Similarly, the rotation of the set of second driving blades (106) imparts a moment to the air that is between each adjacent pair of said second driving blades (106), projecting the air radially outward, towards the outlet (68). The air leaving the outlet (68) as a result of the moment given by the set of second driving blades (106) produces a negative pressure differential that creates a flow of secondary air (122) entering the housing (16) at through the ventilation openings (76). The enveloping body (16) is constructed so that the motor (32) rejects heat towards the secondary air flow (122), before it travels to through the secondary entrance (64). The secondary entrance (64) directs the secondary flow (122) to a set of second blades drives (106) in a direction generally parallel to the axis rotary (80) and as opposed to the primary air flow (120).

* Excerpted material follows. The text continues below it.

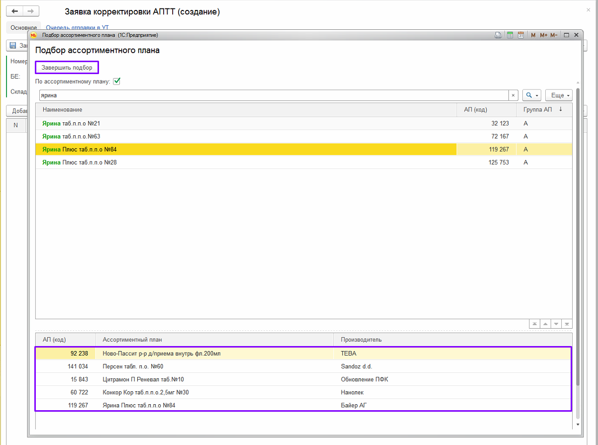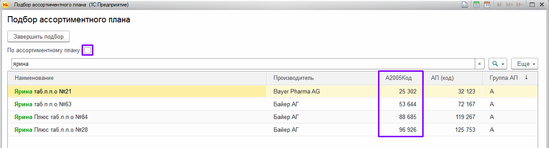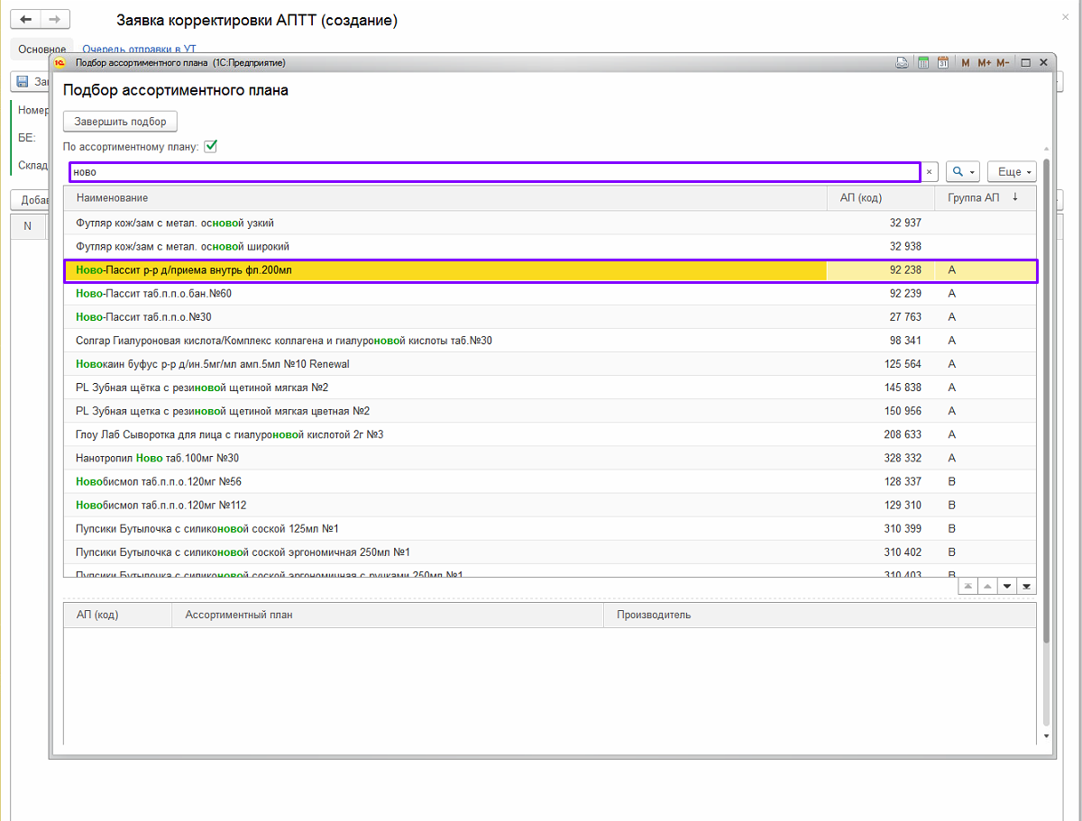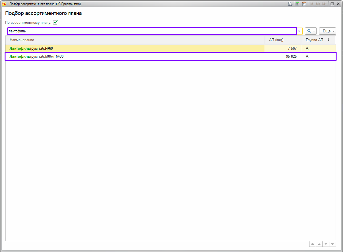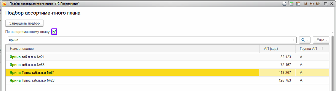 В открывшемся окне подбора в поле поиска введите наименование ассортиментного плана.

Primary and secondary air flows (120) and (122) are combined at the exit (68) and are expelled through the coupling part (90) in the discharge tube assembly (twenty). In the example shown, the height of the first blades boosters (104) is substantially greater than that of the second driving blades (106) and, therefore, the mass flow rate of the flow of primary air (120) will be substantially greater than the flow rate mass of secondary air flow (122). Because the item of flange (102) is continuous, primary and secondary flows (120) and (122) cannot move in an axial direction beyond of the flange element (102) until they have been projected radially outward from the impeller (18).

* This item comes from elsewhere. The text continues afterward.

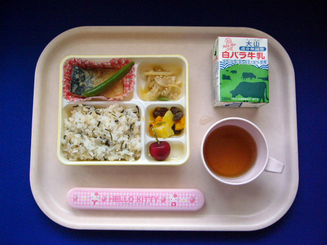 ★ カリカリ梅と昆布のご飯 ◆ さばの味噌煮 ◆●たけのこきんぴら ★●かぼちゃサラダ ● チェリー

The set of first driving blades (104) is fixedly coupled to a first side (150) of the flange element (102), so that each pair of first driving blades (104) (for example, first driving blades -104a - and -104b-) is separated by a predetermined separation angle (152), so that a pair of first driving blades (104) (for example, the first driving blade
-104b-) is separated from another pair of first driving blades (104) (for example, the first driving blade -104a-) in a circumferential direction predetermined by said separation angle (152). The set of first driving blades (104) is spaced around the flange element (102) so that separation angles (152) are used that have at least two different magnitudes to separate the first driving blades (104). Preferably, the set of first driving blades (104) are separated with multiple separation angles (152) of different magnitude, so that said separation angles (152) are distributed in the form of a predetermined pattern that repeats around the circumference of the impeller (18).

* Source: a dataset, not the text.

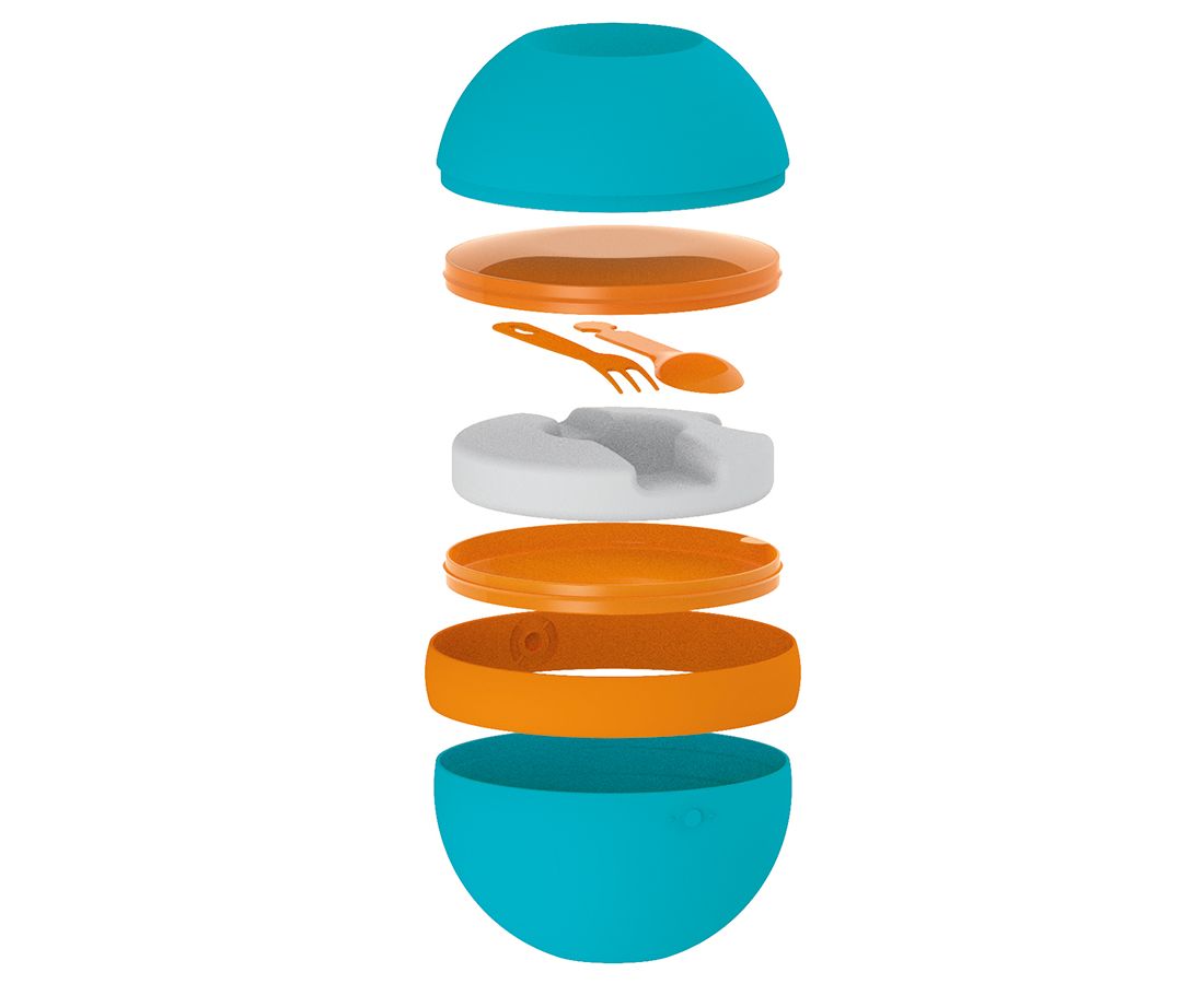 Он состоит из двух герметичных и вместительных чаш с крышкой, между которыми помещаются столовые приборы и охлаждающий элемент с отверстием для йогурта в центре. При желании пластиковые вилка и ложка соединяются в удобные щипцы для салата.

Similarly, the set of second blades drives (106) are fixedly coupled to a second side (160) of the flange element (102), so that each pair of said second driving blades (106) (for example, the driving blades -106a- and -106b-) is separated by a separation angle (162) predetermined, so that one of said pair of second blades drives (106) (for example, the second drive blade -106b-) is separated from the pair of second driving blades (106) (by example, the second driving blade -106a-) in one direction circumferential predetermined by the angle of separation (162). He set of second driving blades (106) is also separated around the flange element (102) using angles of separation (162) that have at least two different magnitudes to separate the second driving blades (106). As in the case of the set of first driving blades (104), the set of second driving blades (106) are separated so preferred with a variety of separation angles (162) of different magnitudes, so that said separation angles (162) are distributed in the form of a predetermined pattern that it is repeated around the circumference of the impeller (18). Too preferably, the magnitudes and the pattern of the angles of separation (162) for the set of second driving blades (106) they are different from the magnitudes and the pattern of the angles of separation (152) for the set of first driving blades (104).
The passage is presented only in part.